- Born: Denis Alekseevich Gorbunov 28 July 1977 Chelyabinsk, Chelyabinsk Oblast, Russian SFSR, Soviet Union
- Died: 26 March 2006 (aged 28) SIZO-1, Chelyabinsk, Chelyabinsk Oblast, Russia
- Cause of death: Suicide by hanging
- Other name: "The Ad Killer"
- Convictions: Murder Robbery Theft Assault Drug possession
- Criminal penalty: Life imprisonment (murders) 8 years (other convictions)

Details
- Victims: 5
- Span of crimes: 2004–2005
- Country: Russia
- State: Chelyabinsk
- Date apprehended: 27 May 2005

= Denis Gorbunov =

Russian serial killer (1977–2006)

Denis Alekseevich Gorbunov (Russian: Денис Алексеевич Горбунов; 28 July 1977 – 26 March 2006), known as The Ad Killer (Russian: Убийца по объявлению), was a Russian serial killer who murdered five women during robberies in Chelyabinsk from December 2004 to May 2005. Convicted and sentenced to life imprisonment for his crimes, he killed himself two days after his conviction.

== Early life ==
Little is known about Gorbunov's early life, other than the fact that he was born in Chelyabinsk on 28 July 1977. In the early 1990s, due to the social and economic turmoil brought on by the dissolution of the Soviet Union, the Gorbunov family experienced financial struggles. By the mid-1990s, Gorbunov lost all interest in pursuing an education and turned to a life of crime, developing a drug addiction in the process. During the remainder of the 1990s, he would be repeatedly arrested on charges of theft, assault, robbery and drug possession. For one of these convictions, he was found guilty and trial and sentenced to 8 years imprisonment.

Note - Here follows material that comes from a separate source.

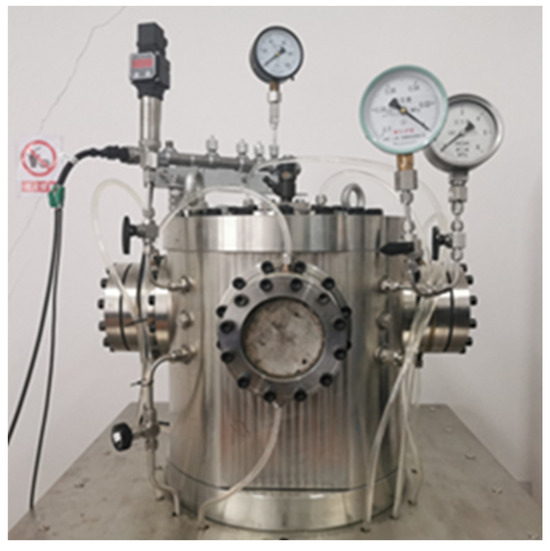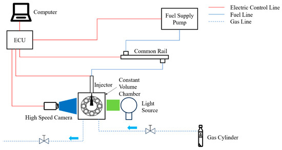 The experimental setup is shown in Figure 1, and the Constant Volume Chamber (CVC) is shown in Figure 2. A high-speed camera was used to capture the spray pattern. The exposure time of the camera is 40 μs. The injector used in the experiment was a circular nozzle with an orifice diameter of 0.3 mm and an orifice length of 1 mm. The fuel injection pressure was 120 Mpa. Nitrogen was used as the ambient gas, with an ambient temperature of 308 K, an ambient pressure of 6 Mpa, and an ambient density of up to 65.6 kg/m3. The initial stage of the experiment involved the evacuation of the vacuum and the introduction of the supply gas into the CVC. The subsequent step was to heat the gas until the internal pressure of the CVC reached the designated experimental conditions. The third stage comprised the oil spraying operation, conducted in conjunction with the optical experiments, and concluded with the final venting operation, which was undertaken after the spray image had been captured. The liquid fuel used in the experiment was diesel fuel, and the physical parameters of the fuel are shown in Table 1.

In early 2004, Gorbunov was granted parole and released, whereupon he returned to Chelyabinsk. As he was a convicted felon, he struggled to find a decent job and resorted to doing low-skilled labour and odd jobs. By mid-2004, he resumed his drug habits, and due to the financial difficulties that brought on, he decided to start robbing people. Not long after, he started murdering his victims.

==Murders, investigation, and arrest==
As victims, Gorbunov chose women aged 21 to 27, whom he contacted through newspaper advertisements in Iz Ruk v Ruki and Tumba. Posing as a buyer, he arranged meetings with the victims either in one of the local parks or at their apartments, where he would then attack them if there were no witnesses around. Gorbunov would either strangle his victims with a rope or stab them numerous times with a knife - one of his victims was reportedly stabbed 96 times. After killing the victim, he would steal money, jewellery, cell phones and other valuables, which he would then exchange or sell for drugs.

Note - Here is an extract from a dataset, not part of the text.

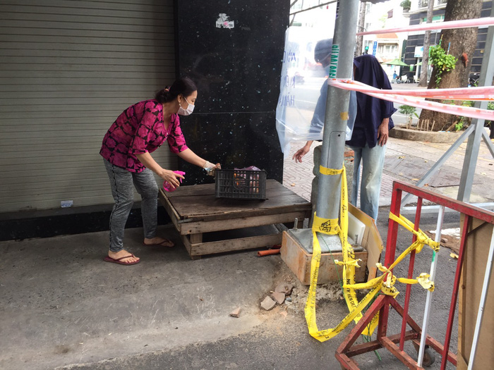 Ngoài lối đi chính, nơi duy nhất có lực lượng công an, dân phòng kiểm soát thì các ngõ còn lại đều do dân thay phiên trực. Có cả thành viên nữ như chị Tú Nga - chi hội trưởng Hội PN nhà ở đầu hẻm 351 đường An Dương Vương. Những shipper, người đưa hàng… từ nơi khác đến đều được yêu cầu gửi tại chốt, khử khuẩn hàng hóa rồi liên lạc người bên trong ra nhận. Thường thì người dân trong vùng xanh ra lấy đồ phải cũng không phải di chuyển quá xa, khoảng cách xa nhất tầm hơn 200m trở lại.

During the course of the investigation, authorities quickly established that the perpetrator introduced himself as a potential buyer to the victims, most of whom posted advertisements for the sale of wedding dresses. In addition to a dedicated task force, the investigation was aided by local police and other divisions of the Department of Internal Affairs. Eventually, law enforcement officials decided to post fake advertisements in order to lure the killer, and on 17 May 2005, Gorbunov was arrested when he met and attempted to attack an undercover police officer.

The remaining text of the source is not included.